*EXERCISE INSTRUCTIONS*. The complete listing goes into the output exactly, without its pictures.

*INPUT DATA*.
= = = = = = =

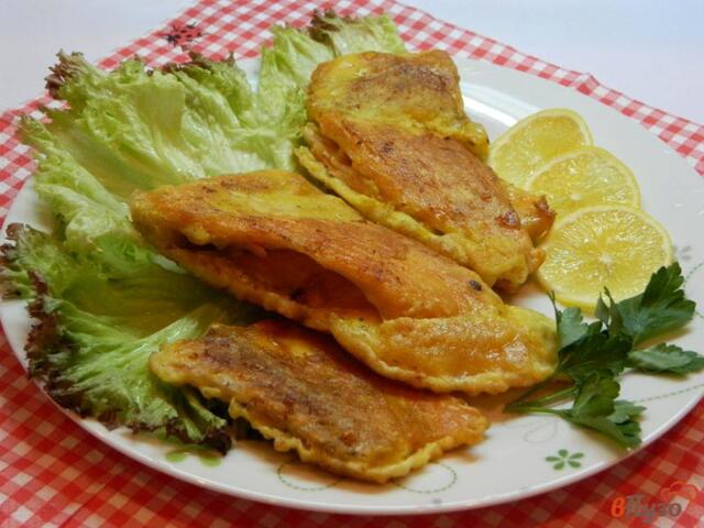 Рибу порізати, приправити і збризнути лимоном. Змішати яйця, борошно і воду — зробити кляр. Обваляти шматки риби в клярі і обсмажити на сковороді до золотистої скоринки.
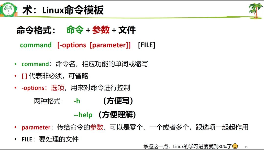 命令模板:命令 + [选项] + [参数/文件]。 例如:ls -l /home。命令和参数之间必须有空格。
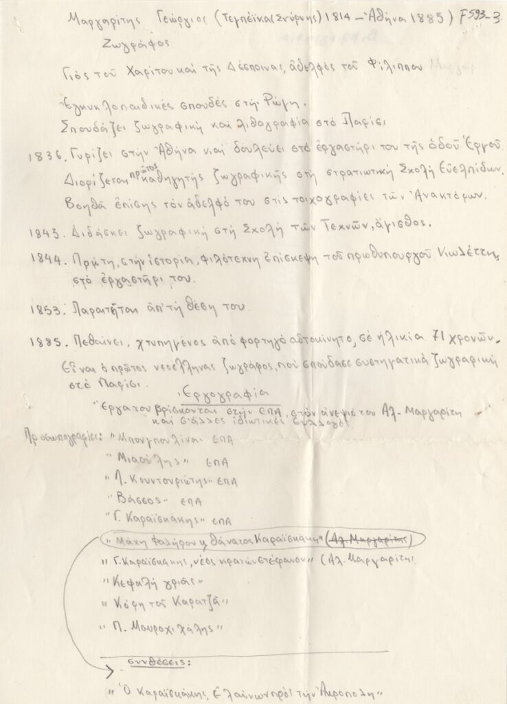 Βιογραφικό, χειρόγραφο, χαρτί, 29,5×21 εκ., στα ελληνικά, του Γεώργιου Μαργαρίτη. Περιέχει προσωπικές πληροφορίες, σπουδές και εργογραφία.

= = = = = = =

*ANSWER TO THE PROBLEM*.
 Рибу порізати, приправити і збризнути лимоном. Змішати яйця, борошно і воду — зробити кляр. Обваляти шматки риби в клярі і обсмажити на сковороді до золотистої скоринки.
 命令模板:命令 + [选项] + [参数/文件]。 例如:ls -l /home。命令和参数之间必须有空格。
 Βιογραφικό, χειρόγραφο, χαρτί, 29,5×21 εκ., στα ελληνικά, του Γεώργιου Μαργαρίτη. Περιέχει προσωπικές πληροφορίες, σπουδές και εργογραφία.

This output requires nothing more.